# Multi-model fallback and reliability routing

{% hint style="danger" %}
Experimental guide: validate every workflow in staging before production.
{% endhint %}

## The Problem

LLM applications fail in production for reasons that are often outside your code:

* transient provider outages,
* strict per-model rate limits,
* model-specific latency spikes,
* regional instability.

If your app is hard-wired to one model endpoint, uptime and user experience degrade immediately.

## The Flashback Pattern

Use one Flashback repository as your stable OpenAI-compatible integration point, then configure multiple AI LLM resources behind it.

Your application keeps one API contract, while your routing layer applies fallback order by model/provider when calls fail or exceed SLOs.

## Prerequisites

* Flashback repository configured for **OpenAI** endpoint type.
* At least two configured AI LLM resources (for example OpenAI + Anthropic-compatible endpoint).
* Repository API key (AI usage).
* Basic request telemetry (latency, failures, model used).

Reference pages:

* [Configure an AI LLM](https://docs.flashback.tech/guides/setup-the-cloud-and-ai-gateway/start-with-cloud-storage/create-a-bucket-1)
* [Build a Repository](https://docs.flashback.tech/guides/setup-the-cloud-and-ai-gateway/start-with-cloud-storage-1)
* [AI LLM APIs](https://docs.flashback.tech/support-reference/platform-api-reference/ai-apis/ai-llms)

## Implementation blueprint

{% stepper %}
{% step %}

#### Define fallback tiers

Example policy:

1. **Tier 1**: high-quality model for normal traffic.
2. **Tier 2**: similar quality but lower latency / alternate provider.
3. **Tier 3**: low-cost baseline for graceful degradation.
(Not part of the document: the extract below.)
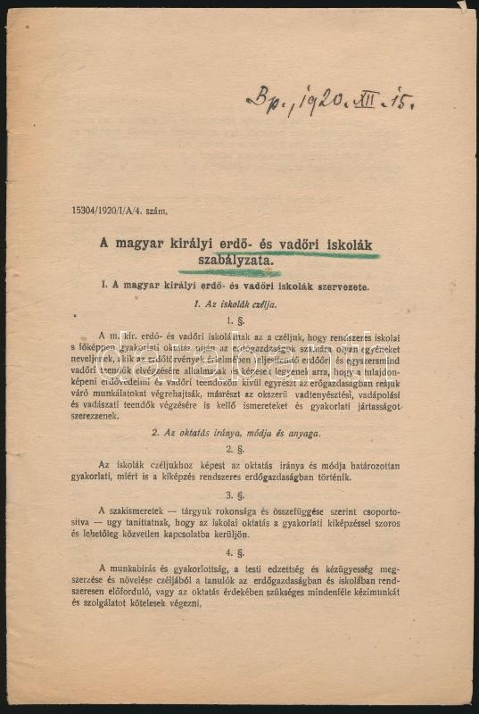 1920 Bp., A magyar királyi erdő- és vadőri iskolák szabályzata, 11p https://www.darabanth.com/de/323-Fernauktion/323.0/Andere-Sammelgebiete/Drucksachen~500028/1920-Bp-A-magyar-kiralyi-erdo-es-vadori-iskolak-szabalyzata-11p~II1790106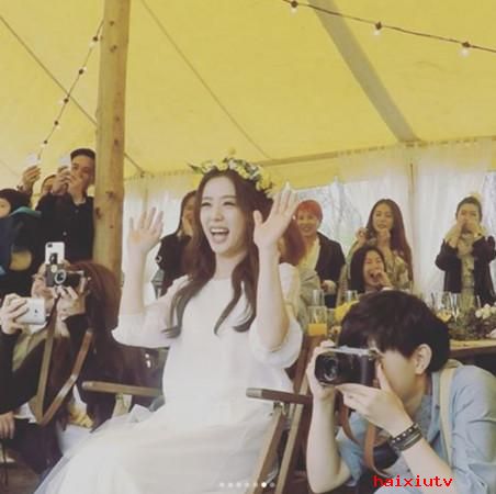 林宥嘉新婚派对热舞博娇妻一笑 丁文琪看着林宥嘉的惊喜舞步哈哈大笑,脸上尽是甜蜜,还跟着做出几个招牌手势,Selina、Hebe等站在后方的宾客也爆笑不止,将派对气氛炒热到最高点,最后小两口在众人的祝福下,携手切下结婚蛋糕。

Use deterministic rules so behavior is easy to debug.
{% endstep %}

{% step %}

#### Configure one client against Flashback

```python
# fb_openai_client.py
from openai import OpenAI
import os

client = OpenAI(
    base_url=os.environ["FB_OPENAI_BASE_URL"],  # e.g. https://openai-us-east-1-aws.flashback.tech/v1
    api_key=os.environ["FB_API_KEY_SECRET"]
)
```

Use environment variables:

```bash
export FB_OPENAI_BASE_URL="https://openai-us-east-1-aws.flashback.tech/v1"
export FB_API_KEY_SECRET="<repo_api_key_secret>"
```

{% endstep %}

{% step %}

#### Add fallback execution in application code

```python
# fallback_completion.py
from fb_openai_client import client

MODEL_PRIORITY = [
    "gpt-4.1",        # Tier 1
    "gpt-4.1-mini",   # Tier 2
    "gpt-4o-mini"     # Tier 3
]

def complete_with_fallback(messages):
    last_error = None
    for model in MODEL_PRIORITY:
        try:
            res = client.chat.completions.create(
                model=model,
                temperature=0.2,
                messages=messages,
                timeout=20
            )
            return {
                "model": model,
                "content": res.choices[0].message.content,
                "usage": res.usage
            }
        except Exception as e:
            last_error = e
    raise RuntimeError(f"All model tiers failed: {last_error}")
```

{% endstep %}

{% step %}

#### Add reliability controls

* Per-tier timeout (e.g., 20s → 12s → 8s).
* Retry with exponential backoff before tier switch.
* Circuit breaker: temporarily remove a failing tier after N consecutive failures.
* Emit structured logs (`request_id`, `tier`, `model`, `latency_ms`, `status`).
  {% endstep %}

{% step %}

#### Validate in staging

Run synthetic checks every minute:

```bash
curl -sS "$FB_OPENAI_BASE_URL/chat/completions" \
  -H "Authorization: Bearer $FB_API_KEY_SECRET" \
  -H "Content-Type: application/json" \
  -d '{
    "model":"gpt-4.1-mini",
    "messages":[{"role":"user","content":"healthcheck"}],
    "max_tokens":8
  }'
```

Track:

* success rate by model,
* p95 latency by model,
* fallback activation rate.
  {% endstep %}
  {% endstepper %}

## Production checklist

* Keep at least 2 providers/models available.
* Cap fallback depth to avoid runaway latency.
* Alert when Tier 1 success rate drops below threshold.
* Review routing weekly using usage statistics and error trends.